- Raw data -
'''
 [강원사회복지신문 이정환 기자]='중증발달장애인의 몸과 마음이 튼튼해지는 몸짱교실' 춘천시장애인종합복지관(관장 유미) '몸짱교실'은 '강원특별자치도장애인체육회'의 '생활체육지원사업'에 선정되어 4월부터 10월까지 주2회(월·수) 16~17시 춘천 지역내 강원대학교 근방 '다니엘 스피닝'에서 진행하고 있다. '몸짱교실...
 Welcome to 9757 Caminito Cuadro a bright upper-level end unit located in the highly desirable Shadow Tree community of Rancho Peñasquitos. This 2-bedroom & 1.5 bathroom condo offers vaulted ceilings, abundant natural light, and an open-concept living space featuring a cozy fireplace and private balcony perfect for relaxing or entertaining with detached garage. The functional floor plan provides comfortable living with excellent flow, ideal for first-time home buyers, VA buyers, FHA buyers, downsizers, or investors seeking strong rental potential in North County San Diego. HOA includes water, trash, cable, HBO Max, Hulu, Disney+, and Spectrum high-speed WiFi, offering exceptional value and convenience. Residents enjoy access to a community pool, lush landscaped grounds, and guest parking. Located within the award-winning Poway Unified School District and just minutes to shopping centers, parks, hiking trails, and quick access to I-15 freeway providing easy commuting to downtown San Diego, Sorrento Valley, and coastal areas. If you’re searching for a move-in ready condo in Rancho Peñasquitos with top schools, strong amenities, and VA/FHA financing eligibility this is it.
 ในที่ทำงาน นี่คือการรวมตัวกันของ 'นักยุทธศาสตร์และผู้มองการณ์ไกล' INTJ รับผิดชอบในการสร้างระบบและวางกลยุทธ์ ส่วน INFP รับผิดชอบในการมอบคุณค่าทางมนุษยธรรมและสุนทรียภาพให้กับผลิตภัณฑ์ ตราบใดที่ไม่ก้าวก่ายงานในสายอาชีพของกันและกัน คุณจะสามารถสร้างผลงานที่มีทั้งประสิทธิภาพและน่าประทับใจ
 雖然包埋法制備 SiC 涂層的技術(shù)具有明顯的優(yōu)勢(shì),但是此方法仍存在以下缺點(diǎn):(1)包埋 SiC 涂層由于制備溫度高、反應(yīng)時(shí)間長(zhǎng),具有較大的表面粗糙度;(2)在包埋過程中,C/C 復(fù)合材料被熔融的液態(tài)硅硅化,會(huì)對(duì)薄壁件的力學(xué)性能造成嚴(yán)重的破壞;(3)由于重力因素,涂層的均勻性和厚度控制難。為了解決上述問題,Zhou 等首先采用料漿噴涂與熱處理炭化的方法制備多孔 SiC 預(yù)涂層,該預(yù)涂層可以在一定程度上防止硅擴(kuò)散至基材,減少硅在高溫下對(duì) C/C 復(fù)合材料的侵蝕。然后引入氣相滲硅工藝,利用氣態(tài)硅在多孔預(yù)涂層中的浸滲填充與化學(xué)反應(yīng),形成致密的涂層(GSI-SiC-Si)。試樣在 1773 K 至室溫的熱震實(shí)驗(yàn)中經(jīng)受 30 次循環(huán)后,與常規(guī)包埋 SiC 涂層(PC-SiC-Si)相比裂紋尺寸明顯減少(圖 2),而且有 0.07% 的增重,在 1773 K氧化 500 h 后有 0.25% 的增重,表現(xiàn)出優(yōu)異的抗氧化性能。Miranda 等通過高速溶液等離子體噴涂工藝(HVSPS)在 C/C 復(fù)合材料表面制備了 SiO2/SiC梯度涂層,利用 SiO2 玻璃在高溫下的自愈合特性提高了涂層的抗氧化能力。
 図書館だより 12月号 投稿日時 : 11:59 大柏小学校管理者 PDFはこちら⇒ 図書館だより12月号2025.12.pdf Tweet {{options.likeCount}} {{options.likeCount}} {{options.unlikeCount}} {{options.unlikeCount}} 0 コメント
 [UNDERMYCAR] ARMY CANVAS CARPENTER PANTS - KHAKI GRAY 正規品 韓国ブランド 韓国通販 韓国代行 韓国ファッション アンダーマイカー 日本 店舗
'''
'''
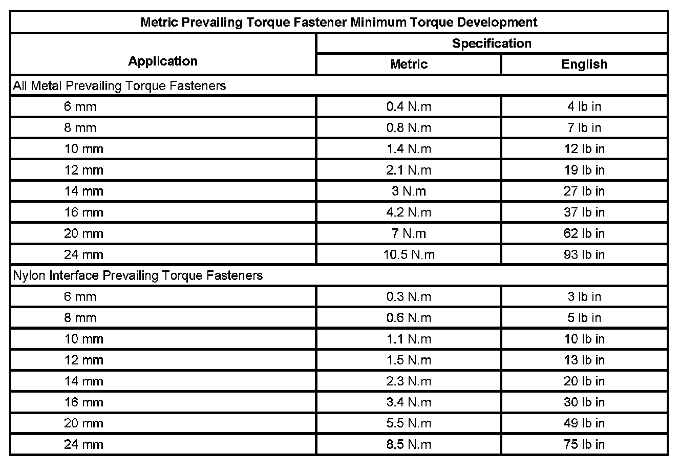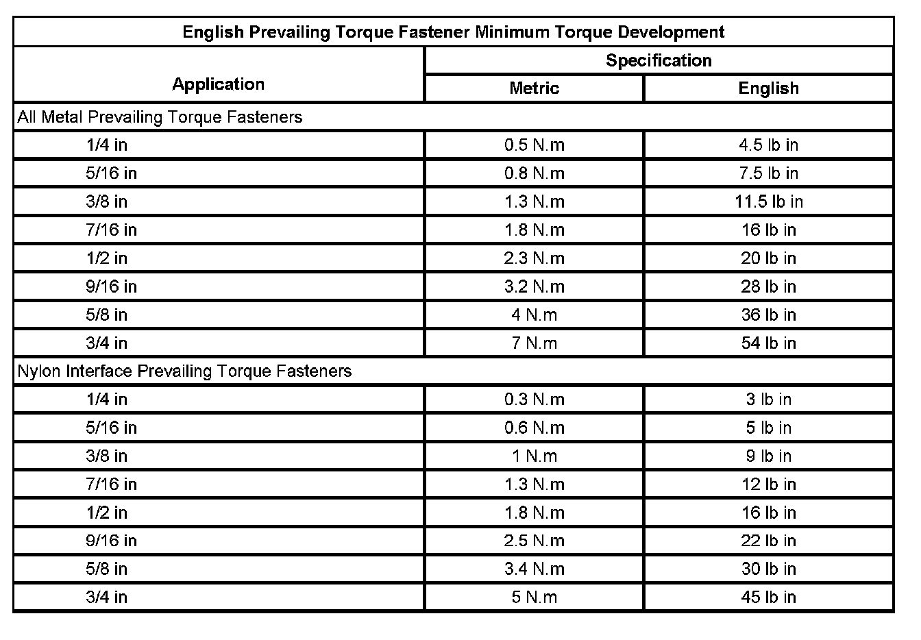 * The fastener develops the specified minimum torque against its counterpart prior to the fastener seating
'''
'''
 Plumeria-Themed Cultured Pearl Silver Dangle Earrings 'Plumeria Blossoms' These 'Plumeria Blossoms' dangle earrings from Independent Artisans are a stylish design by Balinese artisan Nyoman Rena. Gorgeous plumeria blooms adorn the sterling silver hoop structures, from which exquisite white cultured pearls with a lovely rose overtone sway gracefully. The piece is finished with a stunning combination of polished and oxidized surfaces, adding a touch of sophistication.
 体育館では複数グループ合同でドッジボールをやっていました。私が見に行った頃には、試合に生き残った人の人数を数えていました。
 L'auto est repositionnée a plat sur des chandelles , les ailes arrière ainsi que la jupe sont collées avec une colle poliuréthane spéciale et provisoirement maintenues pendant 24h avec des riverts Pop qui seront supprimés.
'''
- Task statement -
What are the lines, exactly as written above, from the line with "体育館では複数グループ合同で" to the line with "L'auto est repositionnée", both included? Output only those.

- Task answer -
 体育館では複数グループ合同でドッジボールをやっていました。私が見に行った頃には、試合に生き残った人の人数を数えていました。
 L'auto est repositionnée a plat sur des chandelles , les ailes arrière ainsi que la jupe sont collées avec une colle poliuréthane spéciale et provisoirement maintenues pendant 24h avec des riverts Pop qui seront supprimés.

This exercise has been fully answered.